My body is still healing, and that is ok. I trust it knows when the tingling, burning, bone, nerve and muscle pain should stop. My mind might get cloudy again too, for a while. But if it does, I will know its “just withdrawal” and go about my business.

Many of you know I joined AA right before I started my taper. I believe that working the steps is what helped me hold on in withdrawal. And now, it is time in my life for what we in the recovery fellowship call the 9th Step Promises:

 If we are painstaking about this phase of our development, we will be amazed before we are half way through.We are going to know a new freedom and a new happiness.We will not regret the past nor wish to shut the door on it.

We will comprehend the word serenity and we will know peace.

No matter how far down the scale we have gone, we will see how our experience can benefit others.

That feeling of uselessness and self pity will disappear.

We will lose interest in selfish things and gain interest in our fellows.

Self-seeking will slip away.

Our whole attitude and outlook upon life will change.

Fear of people and of economic insecurity will leave us.

We will intuitively know how to handle situations which used to baffle us.

We will suddenly realize that God is doing for us what we could not do for ourselves.

    Are these extravagant promises? We think not. They are being fulfilled among us—sometimes quickly, sometimes slowly. They will always materialize if we work for them.

Now that I have a quiet mind, free from the incessant noise of intrusive and obsessional thoughts caused by withdrawal, I can begin to manifest those promises.
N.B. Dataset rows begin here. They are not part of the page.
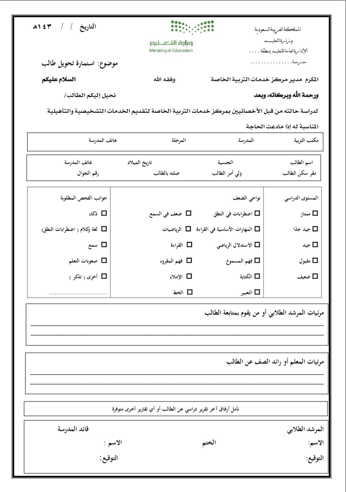 استمارة نقل طالبة من مدرسة الى اخرى
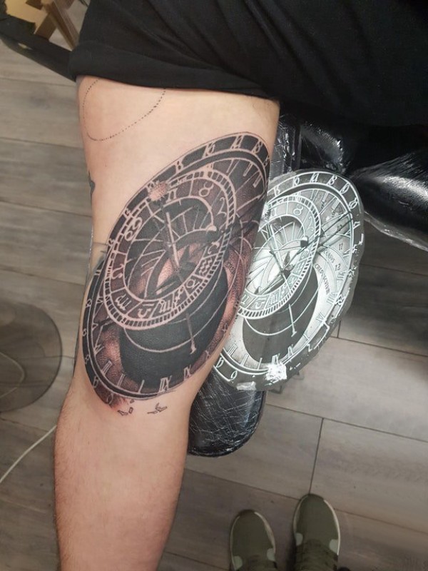 时钟纹身 男生手臂上黑色的时钟纹身图片
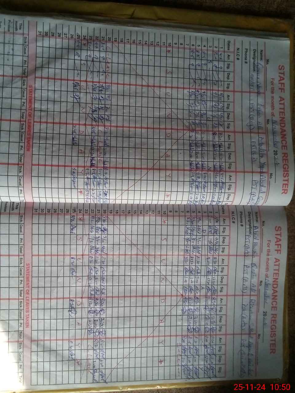 | CNIC | Full Name | Designation | R/C | Absence During Last Calender Month |
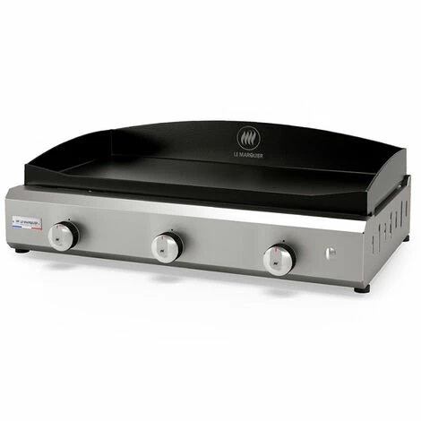 Plaque fonte émaillée 75*403 brûleurs inox (7.2 kW)Pour 10 à 14 couvertsCARACTÉRISTIQUESPlaque fonte émaillée inclinable (avec trou)Brûleurs inox droits double paroi à haut rendementSécurité thermocoupleAllumage piezzo électroniqueBoutons ergonomiques et antidérapants4 pieds réglables en hauteurRécupérateur inox carré 9*9 cm inclusFonctionne au gaz butane ou propaneChâssis en version inox mat+Norme CECertification Origine France GarantieDimensions L77 P55 H25 cmPoids 30 kgLES +Confort : allumage piezzo électronique, sécurité thermocouple, et pieds réglables facilement.Haute performance de cuisson : grâce aux brûleurs droits double paroi à haut rendement (idéals pour la saisie des pièces de viande).Durabilité et finition : châssis en inox mat+ (procédé unique signé Maison LE MARQUIER) qui supporte la corrosion, les intempéries, l’air marin et s’entretient facilement.Grande surface de cuisson : idéale pour les grandes tablées et pour cadencer les cuissons de différents aliments.Protection : couvercle entièrement recouvrant en option.
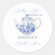 Pegatina Redonda Fiesta de té azul de despedida de soltera Toile
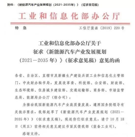 近日,标注“特急”字样的《新能源汽车产业发展规划(2021-2035年)》(征求意见稿)(以下简称《征求意见稿》)在业内流传,该文件在肯定了过去工作取得的成绩后,提出:“力争经过十五年持续努力,新能源汽车关键核心技术取得重大突破、融合发展协调高效、产业生态健全完善,纯电动乘用车成为主流,燃料电池商用车实现规模化应用,高度自动驾驶智能网联汽车趋于普及,我国进入世界汽车强国行列。”
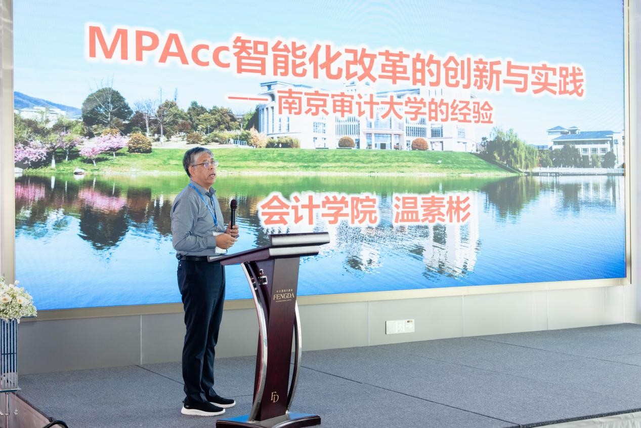 温素彬教授就“MPAcc智能化改革的创新与实践”分享南审经验。他指出教育必须要有超前性。南审的学科定位是依托审计聚焦财务监督与治理。在此基础上,南审提出了三大发展策略,分别是审计+财会监督+风险管理+组织治理的特色发展;数智赋能智能会计的创新发展;“十五五”末实现的跨越发展。
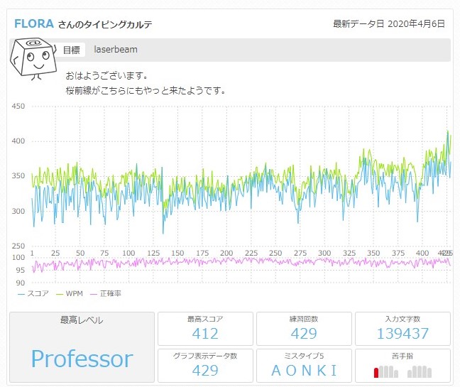 ちなみにこれが私のe-typingのカルテです。
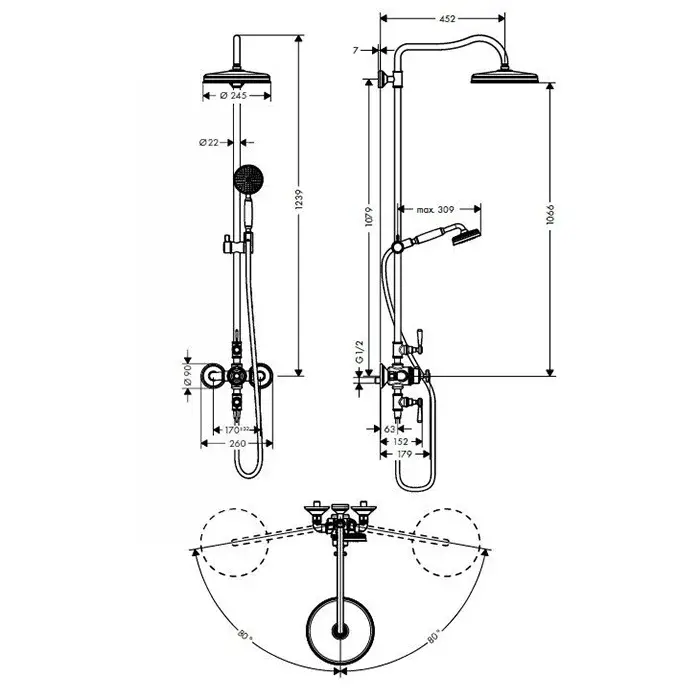 Axor Montreux Душевая стойка: термостат, верхний душ 24 см, лейка, цвет: хром 16572000
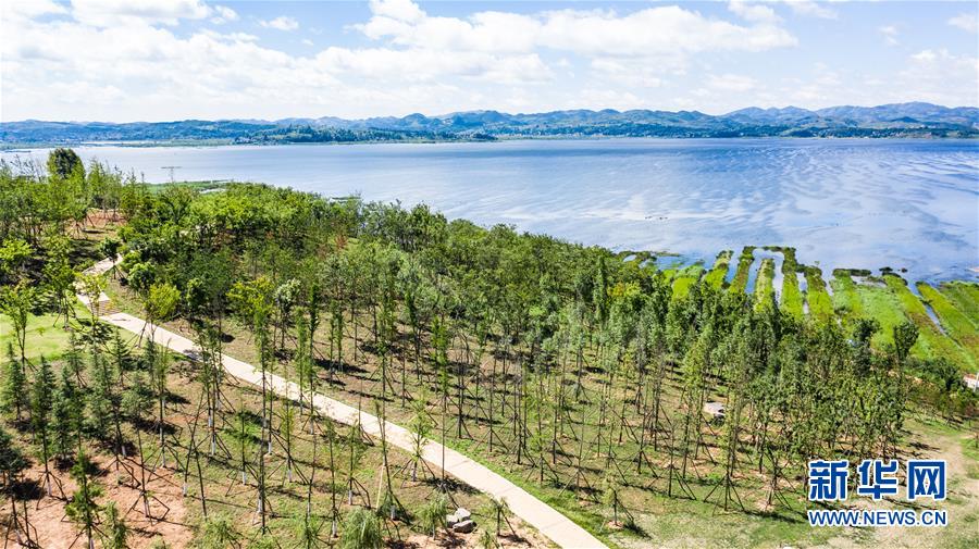6月20日無(wú)人機(jī)拍攝的草海國(guó)家級(jí)自然保護(hù)區(qū)造林涵湖工程一隅。 新華社記者 陶亮 攝
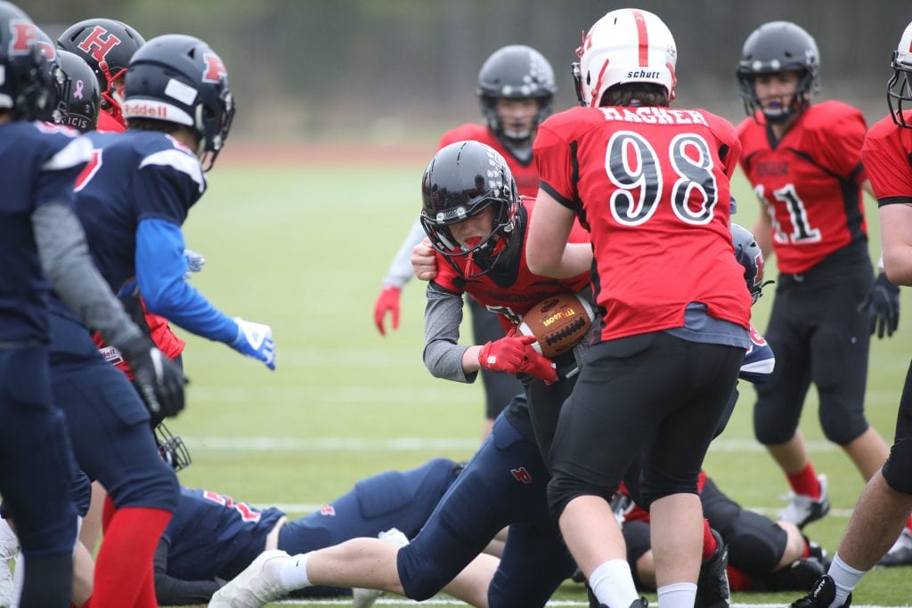 The season consisted of four regular-season games (typically six) and potentially two playoff games. The Raiders finished the season 3-1, only losing to undefeated Pembroke two weeks ago. The boys won their first playoff game last week vs. Hanover, setting up the rematch vs. Pembroke for the Super Bowl title on Sunday.
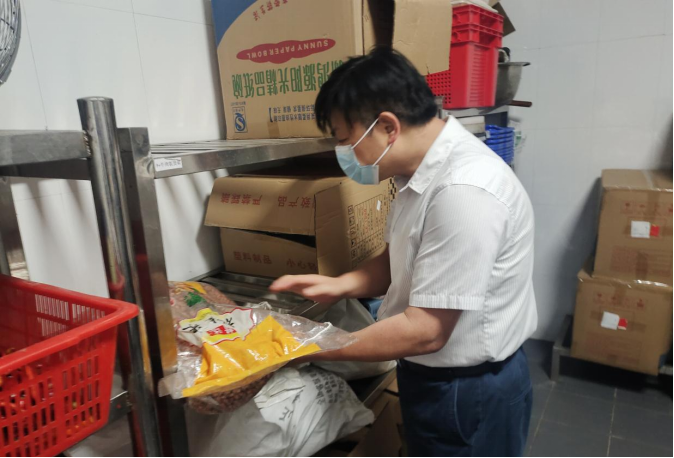 曾维平在食堂查看食品是否过期
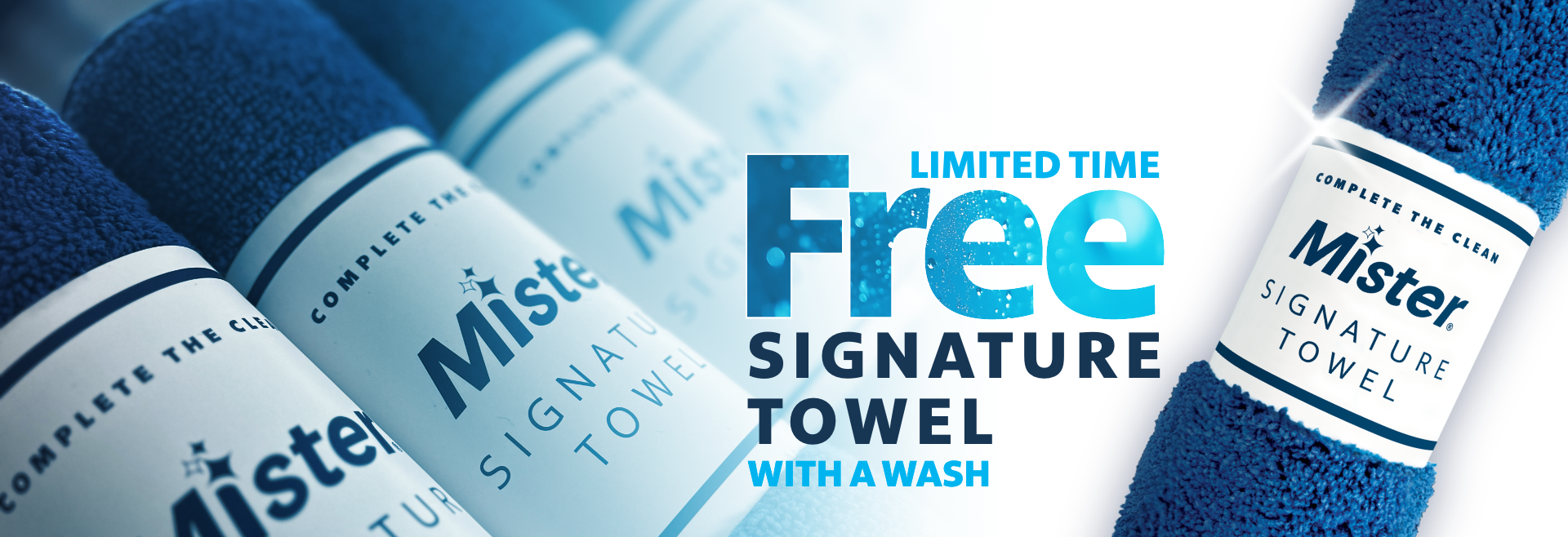*Offer valid until April 30, 2026. Receive one (1) free towel with the purchase of any single wash. Offer valid while towel supplies last. Towel will be provided at the time of purchase and no later than the offer expiration date. No cash value. Offer cannot be combined with any other offers or discounts. Limit one (1) per customer. See store for complete details. Additional terms and restrictions may apply. Promotion Terms. By providing your email address and clicking Get Offer you agree to receive promotional emails from Mister Car Wash Privacy Policy.

The quiet is utterly amazing. Thank you God!

Fox News Covers Benzo Withdrawal

Popping Xanax is more harmful than you think, writes Fox News. It’s an article that first appeared in Self.

I wrote to Fox today, asking them to please consider a follow up story about life post benzos, as the healing can take so long and we often lose so much.

You can write to them and encourage them to cover the story more in depth.

foxnewstips@foxnews.com is the email to use. You may want to mention this blog and the petition.

BTW The flu really set me back in withdrawal. I am struggling, sorry to say. It is hard to believe that 2.5 years out, I can still be burning, tingling, and having severe pain, along with crushing fatigue. 

It’s a long road back to health for some of us. And frankly, I am weary of the journey. I am so ready to put this chapter in my life behind me. I know each and every one of you are as well.

Keep fighting. I will too.  I love you all so very much.